Smishing is a term used to describe phishing tactics committed solely through text message. It most commonly occurs with scammers acquiring spoofed phone numbers and sending out mass messages featuring malicious links or directions. The same tactics applied to voice calls is referred to as vishing.
Baiting is an easy trap to fall into because the scammers lure users into sharing sensitive information by offering something of value in return. These social engineering attacks can be as simple as a pop-up ad that offers free episodes of your favorite television show that, if clicked, infect your computer with data-scraping malware.
Pretexting involves using existing roles or titles to create believable scenarios for manipulation. This can include someone impersonating a member of law enforcement, a tax official, sweepstake organizer, or someone else who you’d be more likely to trust with personal information.
A famous example of this would be when intelligence consultant Edward Snowden told his colleagues that, as systems administrator, he needed their passwords to perform maintenance and then proceeded to acquire confidential NSA documents using that access.
Business Email Compromise (BEC) is a social engineering tactic that involves someone pretending to be a company executive with financial decision making powers. Impersonation and account compromise are the main types of BEC that companies face. Once a business account is compromised, scammers can trick employees into carrying out financial requests like wire transfers or bank detail updates.
Because phishing is the most commonly faced type of social engineering attack, we wanted to point out a few of the biggest red flags found in phishing emails. Knowing these tells will help you be more aware when you’re being targeted so you can protect yourself accordingly.
Sometimes it's easier to comprehend risks by having real life context to understand them in. Here are a few notorious real-life social engineering incidents from the last decade:
This is one of the most well known social engineering attacks of recent history. In 2016, targeted spear phishing messages led to the leak of a large number of private Democratic Party emails. These were the emails frequently referenced during the 2016 election season. What hackers did was send out a request for users to change their passwords due to unusual activity. Anyone who clicked the link then had their inboxes ransacked and information stolen.

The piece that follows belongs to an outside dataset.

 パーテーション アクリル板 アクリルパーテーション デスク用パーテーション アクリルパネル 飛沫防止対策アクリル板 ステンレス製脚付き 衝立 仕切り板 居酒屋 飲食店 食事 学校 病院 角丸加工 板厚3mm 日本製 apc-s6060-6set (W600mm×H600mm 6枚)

Celebrity television judge Barbara Corcoran from the business-funding show “Shark Tank” nearly fell victim to a phishing scam in early 2020. A scammer spoofed her assistant's email and sent a request to her accountant with a straightforward request for a real estate renewal payment upwards of $40,000. The only reason she didn't fall victim was because a follow-up email was sent to the proper address asking for clarification. Close call!
In 2019, attackers contacted a finance executive at Toyota Boshoku Corporation, persuading them to change the recipient's bank account information in an upcoming wire transfer. This BEC incident ended up losing the company over 35 million dollars.

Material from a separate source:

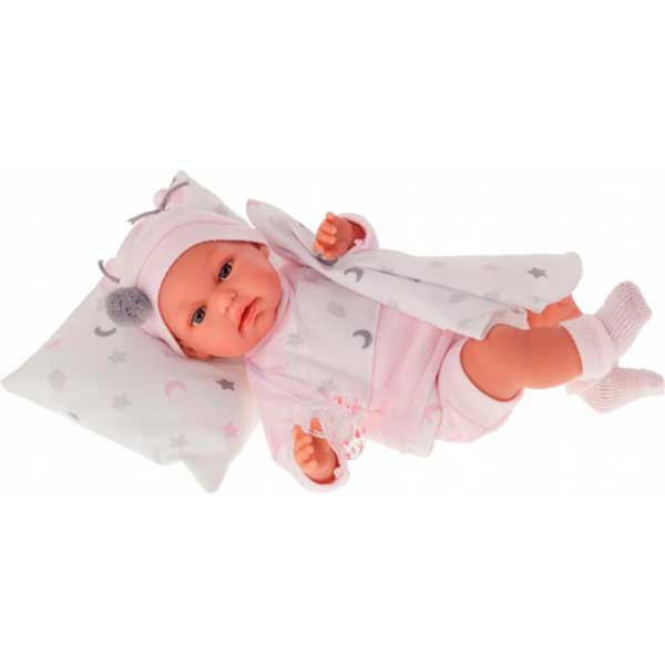 Muñeca Luna Carro de 34 cm con cojín y de color blanco-gris.

Social engineering can take many forms, but by knowing the most common tricks, templates, and triggers, you can protect yourself and your loved one's from financial fraud.

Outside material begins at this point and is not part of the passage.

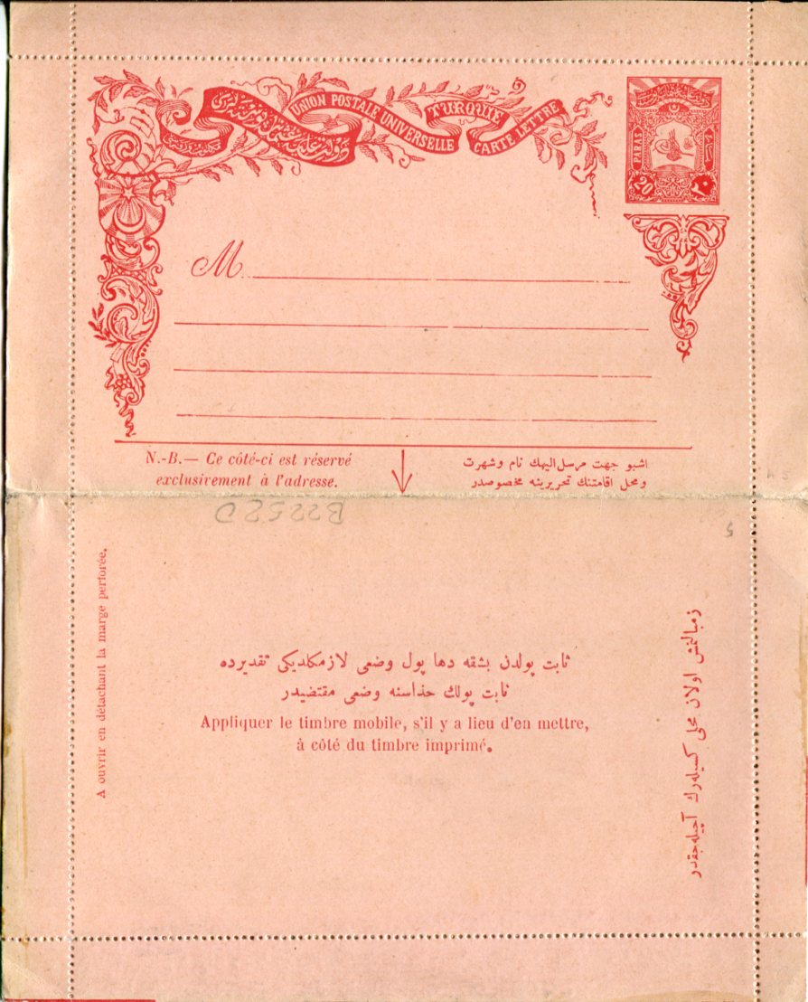 Turkey: 1905 unused 20pa lettercard. Isfila AN85

The easiest way to stay safe is by paying attention and staying vigilant–by getting to the bottom of this page, you’ve already made a great start.
This article is for informational purposes only. It is not intended to serve as legal, financial, investment or tax advice or indicate that a specific DCU product or service is right for you. For specific advice about your unique circumstances, you may wish to consult a financial professional.